Published Feb 7, 2019
SuburbsGirl
50 Posts
If you're facility is getting hit with admissions and say there's only 2 nurses there. Any limit on how many your required to do? If there is 2 nurses with 12 open beds and 12 admissions coming what happens?
verene, MSN
1,790 Posts
I work in sub-actute, facility is 16 beds, 1 floor RN, and one intake/referral/admissions RN during the week only. We max at 3 admissions per day even if the facility is empty. More usual is 1-2 discharges and 1-2 admits.
Catalin, BSN, RN
33 Posts
I work psych. My inpatient facility states that you're only allowed 12 patients, but I've also heard of days where it was 14 due to not enough staff.
ThatNurseThough, ADN, RN
5 Posts
When I was an inpatient psych nurse in the prison system I was the only nurse on a unit of about 30 serious felons, it was a super-max unit where all the patients had been convicted of murder, attempted murder, rape, arson, or terrorism.

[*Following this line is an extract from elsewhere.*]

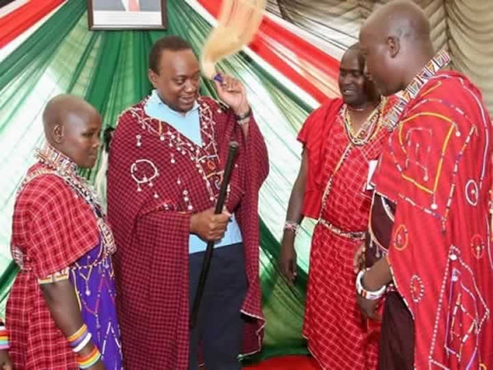 President Uhuru Kenyatta in Maasai attire during the ordination of

In the job I currently have as a nurse on a Tele/ICU stepdown unit, we are supposed to be a 1:3 flex to 1:4, but in reality we are at 1:4-5 flexing to 1:6.

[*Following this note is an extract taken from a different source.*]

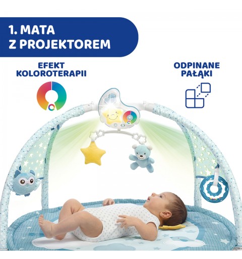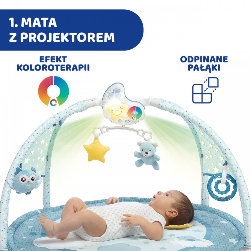 Elektroniczna mata z projekcjami i melodiami – do zabawy w pozycji na plecach;

Our facility really will just push nurses to take more patients and try to shuffle patients around with any patient who can be maybe downgraded getting shipped to medsurg and bringing all the new patients up if there is an open room.
K8e
13 Posts
I worked on a unit with 18 beds and one swing room. Even if we only had 2 nurses, we had to keep admitting until we were full. Nurse to patient ratio is supposed to be 1:4. The hospital didn't care about their nurses and they know we're drowning, but it doesn't matter. All they care about is money and "the patient experience" which means they never turn anyone away.